Atla
Yeah it seems to me that this is the kind of nonsense that has held back Western philosophy from reaching critical depth:
Though it's true that strictly speaking we can't say anything about the noumena, in the most basic aspect we should do so anyway. The default position is to assume that it has the same kind of existence as phenomena, that the two are somehow one and the same.
Exactly! One response to Kant is that if you think there is something IN experience that warrants positing noumena, which he does since he spends a lot of words talking about how we cannot talk about it, then there is an established theme for discussion: what is it that is THERE in experience that gives warrant for noumena being a meaningful term at all? Lots of very good things written on this. I am reading Eugene Fink's 6th Meditation, and Michel Henry's discussion affectivity of revelation in Heidegger. the point I would make is that there is this and much, much more that looks into Kant's (reluctant) claim that noumena is NOT an absurd term.

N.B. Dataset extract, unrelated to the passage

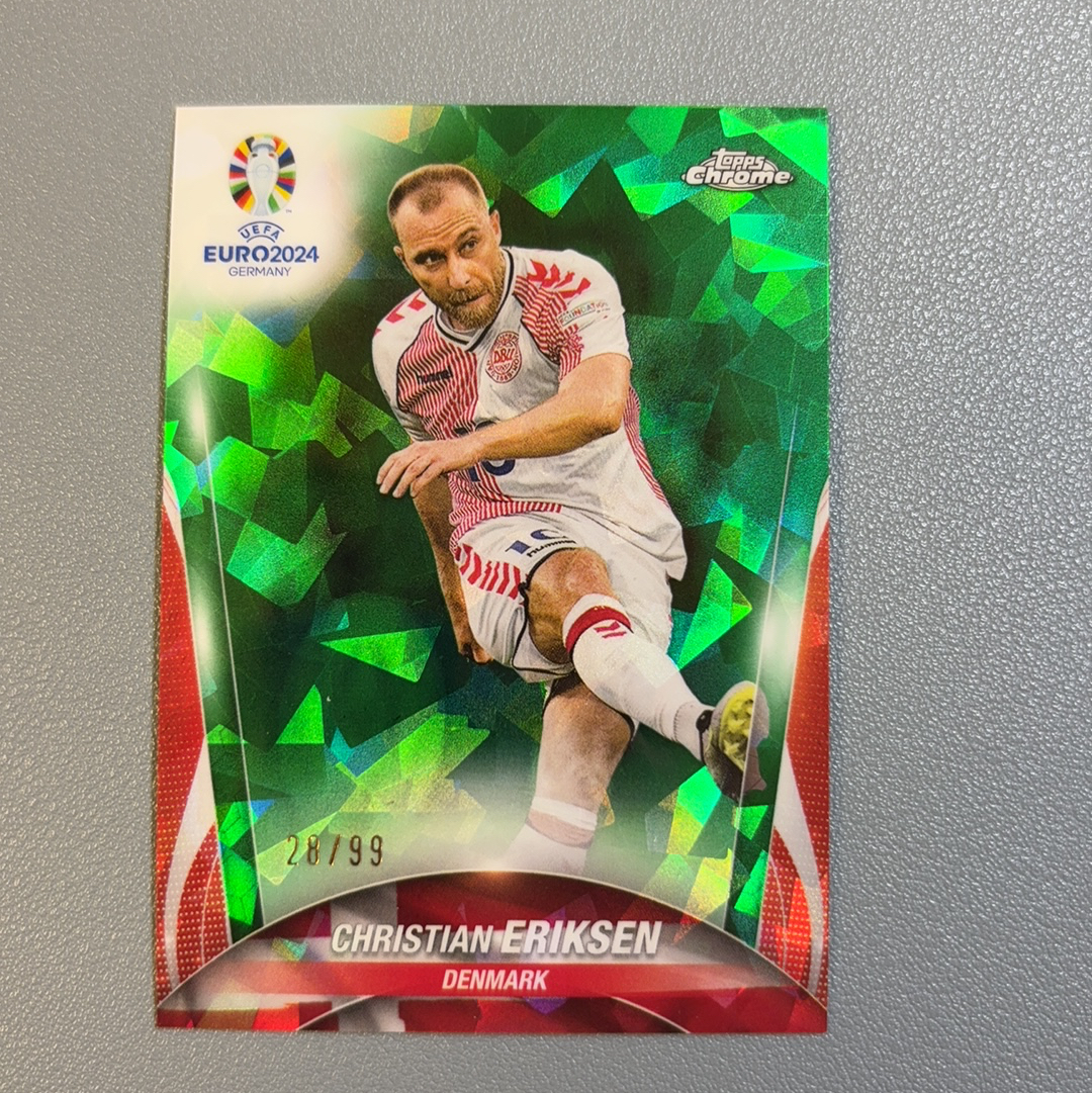 【风速狗】2024 Topps Chrome 元年 欧洲杯蓝宝石 欧洲杯TC 蓝宝石 Christian Eriksen 欧洲杯TC 蓝宝石 埃里克森 丹麦  28/99编 绿碎冰 变化版 轻印 路

Especially after this picture is 100% consistent with what science has found. Not assuming anything about noumena is akin to solipsism, only my mind exists or appears to exists, and I won't assume anything beyond that. One CAN take that position but it's just dumb.
What we must NOT assume however is that the noumena is the source of experience, because that sets up a kind of dualism, a "relationship" between noumena and phenomena, but there is no reason to believe in such a relationship, since the two are most likely one and the same thing. So what I was wondering was whether Kant understood this?
Such a good question. See how you align with Eugene Fink, who writes,
Originating in the radicality of utmost self-reflection, our meditative thinking, in performing the phenomenological reduction, brought us into the
dimension in which we stand before the problem-field of philosophy. Instead of inquiring into the being of the world, as does traditional "philosophy" dominated by the dogmatism of the natural attitude, or, where inquiry is not satisfied with that, instead of soaring up over the world "speculatively," we, in a truly "Copernican revolution," have broken through the confinement of the natural attitude, as the horizon of all our human possibilities for acting and theorizing, and have thrust forward into the dimension of origin for all being, into the constitutive source of the world, into the sphere of transcendental subjectivity.
Of course, the Copernican Revolution is a reference to Kant's Idealism. Fink is about to discuss how one can approach the matter
of a kind of noumenal presence in presence itself, and this begins with Husserl's famous epoche, a reduction of a perception from its apperceptive attending ideas to its phenomenological presence. It is a long story, but the idea is essentially what you bring out: what is thought "out there" and separate from thought and sensation is really "in here" and so are the clues for clarifying the generative conditions that make it happen, that "generate" experience. Finks is an exposition of the transcendental ego. Really fascinating, but not an easy read with out Kant and Husserl under your belt.
This may sound high flung and jargony, but that is where this kind of discussion goes. It gets much worse, that is, in terms of making sense of what has to be apparent in experience in order for a term like noumena to be a non-nonsensical one.
Husserl really wanted nothing to do with Kant's noumena. He thought the "otherness" of the world was right there in our midst, in the phenomenon.